> **Task details**
Look in the material below for the line holding "Un voyage culinaire". Set it down exactly, with each later line up to and including the line holding "In the Green".

> **Records provided**
* * * * *

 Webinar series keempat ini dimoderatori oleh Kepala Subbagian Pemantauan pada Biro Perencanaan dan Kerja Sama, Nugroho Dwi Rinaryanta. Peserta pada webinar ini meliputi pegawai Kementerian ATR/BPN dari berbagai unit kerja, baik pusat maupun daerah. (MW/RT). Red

* * * * *

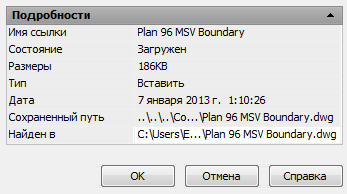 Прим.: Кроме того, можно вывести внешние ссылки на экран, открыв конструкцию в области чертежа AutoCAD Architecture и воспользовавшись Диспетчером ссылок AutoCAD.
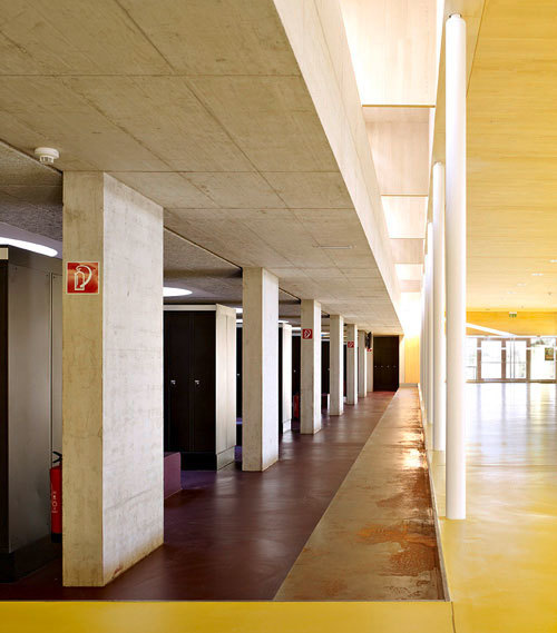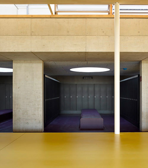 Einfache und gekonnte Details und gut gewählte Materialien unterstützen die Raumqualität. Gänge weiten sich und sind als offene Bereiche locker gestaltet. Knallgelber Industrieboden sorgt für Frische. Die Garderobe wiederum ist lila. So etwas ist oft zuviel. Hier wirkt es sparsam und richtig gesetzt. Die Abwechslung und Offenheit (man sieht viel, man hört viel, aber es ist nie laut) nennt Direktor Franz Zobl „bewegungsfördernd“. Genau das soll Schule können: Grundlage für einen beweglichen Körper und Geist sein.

* * * * *

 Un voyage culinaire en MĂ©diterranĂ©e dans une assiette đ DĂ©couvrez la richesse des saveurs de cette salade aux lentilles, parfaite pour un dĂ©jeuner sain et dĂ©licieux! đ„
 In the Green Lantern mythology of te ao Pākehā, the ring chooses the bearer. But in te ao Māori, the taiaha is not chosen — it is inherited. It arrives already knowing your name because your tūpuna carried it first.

* * * * *

> **Exercise answer**
 Un voyage culinaire en MĂ©diterranĂ©e dans une assiette đ DĂ©couvrez la richesse des saveurs de cette salade aux lentilles, parfaite pour un dĂ©jeuner sain et dĂ©licieux! đ„
 In the Green Lantern mythology of te ao Pākehā, the ring chooses the bearer. But in te ao Māori, the taiaha is not chosen — it is inherited. It arrives already knowing your name because your tūpuna carried it first.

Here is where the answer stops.